**Exercise data**:
%%
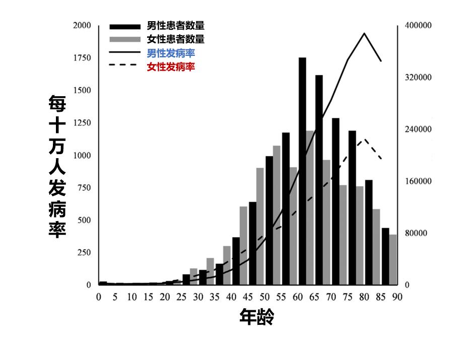 中国的癌症越来越多,最重要的原因就是老人越来越多。从下图可以看出,中国人随着年龄的增加,无论男女,癌症发病率都是逐渐上升的。尤其是45岁以后,癌症的发病率开始显著上升。
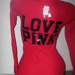 NEW W/ TAGS VICTORIA'S SECRET LOVE PINK LOGO BLACK SEQUINS BLING LONG SLEEVED T SHIRT SWEATER HENLEY TOP SMALL SM RED$40San Tan Valley, AZ
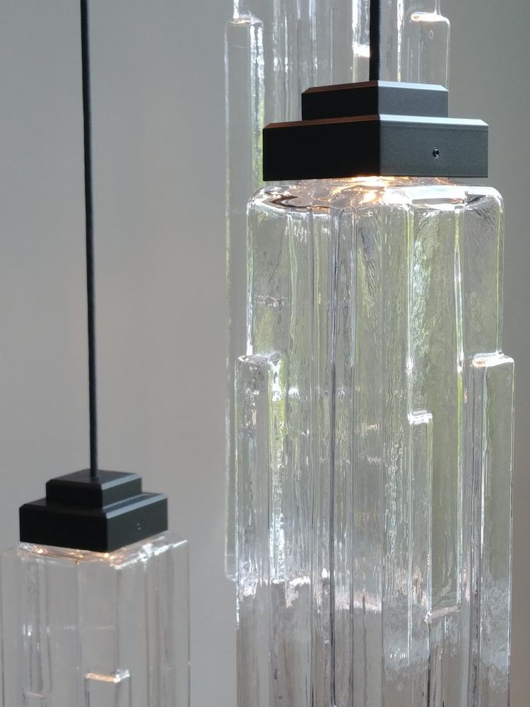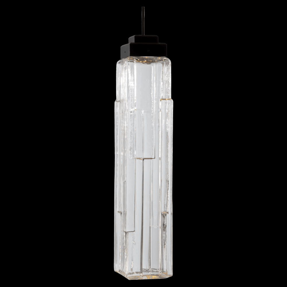 Ledgestone Pendant - Burnished Bronze - Graphite - Ledgestone Blown Glass - Clear - Cloth Braided Cord - LED - 3000K
%%
**Problem details**:
Could you return the whole listing exactly, images excluded?

**Output for this task**:
 中国的癌症越来越多,最重要的原因就是老人越来越多。从下图可以看出,中国人随着年龄的增加,无论男女,癌症发病率都是逐渐上升的。尤其是45岁以后,癌症的发病率开始显著上升。
 NEW W/ TAGS VICTORIA'S SECRET LOVE PINK LOGO BLACK SEQUINS BLING LONG SLEEVED T SHIRT SWEATER HENLEY TOP SMALL SM RED$40San Tan Valley, AZ
 Ledgestone Pendant - Burnished Bronze - Graphite - Ledgestone Blown Glass - Clear - Cloth Braided Cord - LED - 3000K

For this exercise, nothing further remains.